Created on 11-11-2015 11:22 AM - edited 09-16-2022 02:49 AM
CDH 5.4.5
Impala 2.2.0-cdh5.4.5
According to Using HDFS Caching with Impala (CDH 5.1 or higher only): "When files are added to a table or partition whose contents are cached, Impala automatically detects those changes and performs a REFRESH automatically once the relevant data is cached. " But in reality enabling HDFS caching does not enable automatic-detection of file changes. REFRESH has to be called specifically to see the new data.
Reproduction following the instructions on Using HDFS Caching with Impala (CDH 5.1 or higher only):
hdfs cacheadmin -addPool test_pool -owner impala -limit 1048576
alter table test_table set cached in 'test_pool';
hdfs cacheadmin -listPools -stats # impala-shell: show table stats test_table;
Question: is the statement in the documentation correct that impala can automatically detect file changes if HDFS caching is used?
I have tried so far:
Created 10-10-2016 09:40 AM
Created 10-07-2016 03:43 PM
Can someone chime in and say the documentation is wrong please?

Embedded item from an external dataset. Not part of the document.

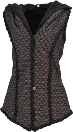 GURU SHOP Goa Weste mit Weiter, Flauschiger Kapuze `Flower of Life` - Schwarz/braun, Damen, Size:M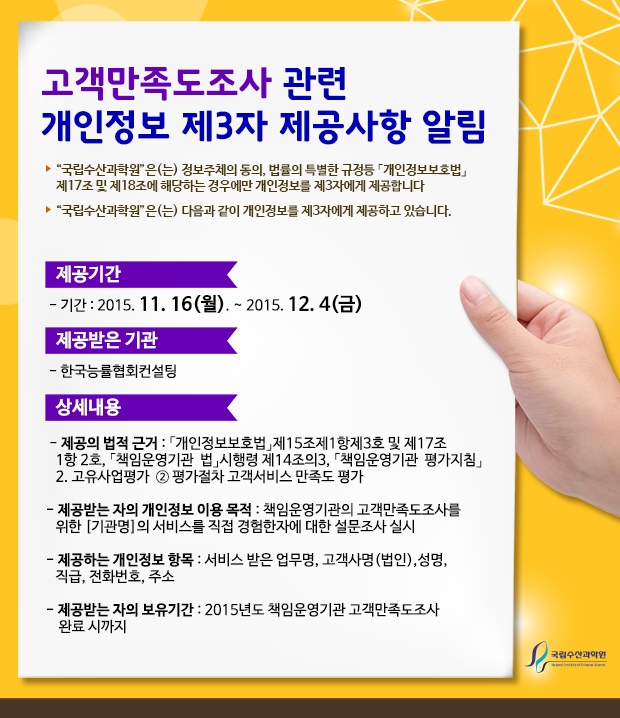 2015년 고객만족도 조사 관련 개인정보 제3자 제공사항 알림

The documentation clearly says "When files are added to a table or partition whose contents are cached, Impala automatically detects those changes and performs a REFRESH automatically once the relevant data is cached. "
Are we doing it wrong, or are the Cloudera documents false and misleading?
Thanks.
Created 10-07-2016 09:28 PM
Thanks for the report. The documentation is wrong.
A REFRESH is always needed to pick up changes to table data that were made from tools other than Impala.
I'll follow up with our docs team to get this fixed.
Created 10-10-2016 09:40 AM
Created 01-26-2017 02:13 PM
Thanks again, and please be aware the incorrect text is also found here:
https://www.cloudera.com/documentation/enterprise/5-8-x/topics/impala_perf_hdfs_caching.html
"When data is requested to be pinned in memory, that process happens in the background without blocking access to the data while the caching is in progress. Loading the data from disk could take some time. Impala reads each HDFS data block from memory if it has been pinned already, or from disk if it has not been pinned yet. When files are added to a table or partition whose contents are cached, Impala automatically detects those changes and performs a REFRESH automatically once the relevant data is cached."